▽

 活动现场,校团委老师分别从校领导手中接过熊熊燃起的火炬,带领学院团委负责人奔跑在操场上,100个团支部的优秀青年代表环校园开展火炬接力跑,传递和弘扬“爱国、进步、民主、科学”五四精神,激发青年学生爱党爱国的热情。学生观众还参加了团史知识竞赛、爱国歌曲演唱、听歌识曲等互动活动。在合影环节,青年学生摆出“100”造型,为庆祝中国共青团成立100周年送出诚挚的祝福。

△
▽

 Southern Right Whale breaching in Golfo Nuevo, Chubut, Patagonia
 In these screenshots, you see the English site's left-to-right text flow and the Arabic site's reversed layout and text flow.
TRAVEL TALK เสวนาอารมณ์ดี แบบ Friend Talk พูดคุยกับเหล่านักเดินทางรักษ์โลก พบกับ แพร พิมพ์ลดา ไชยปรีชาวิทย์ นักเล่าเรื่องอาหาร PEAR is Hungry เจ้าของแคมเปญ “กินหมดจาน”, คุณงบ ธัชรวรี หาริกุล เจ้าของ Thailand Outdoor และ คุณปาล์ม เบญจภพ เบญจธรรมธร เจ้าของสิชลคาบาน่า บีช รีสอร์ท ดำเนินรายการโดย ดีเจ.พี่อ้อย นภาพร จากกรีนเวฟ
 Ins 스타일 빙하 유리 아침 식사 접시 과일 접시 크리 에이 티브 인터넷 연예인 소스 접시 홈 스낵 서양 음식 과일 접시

△

- What you will do
Restate word for word the lines in the material above from the one with "In these screenshots, you" to the one with "Ins 스타일 빙하 유리"; both of those lines count, and nothing else does.

- Expected answer
 In these screenshots, you see the English site's left-to-right text flow and the Arabic site's reversed layout and text flow.
TRAVEL TALK เสวนาอารมณ์ดี แบบ Friend Talk พูดคุยกับเหล่านักเดินทางรักษ์โลก พบกับ แพร พิมพ์ลดา ไชยปรีชาวิทย์ นักเล่าเรื่องอาหาร PEAR is Hungry เจ้าของแคมเปญ “กินหมดจาน”, คุณงบ ธัชรวรี หาริกุล เจ้าของ Thailand Outdoor และ คุณปาล์ม เบญจภพ เบญจธรรมธร เจ้าของสิชลคาบาน่า บีช รีสอร์ท ดำเนินรายการโดย ดีเจ.พี่อ้อย นภาพร จากกรีนเวฟ
 Ins 스타일 빙하 유리 아침 식사 접시 과일 접시 크리 에이 티브 인터넷 연예인 소스 접시 홈 스낵 서양 음식 과일 접시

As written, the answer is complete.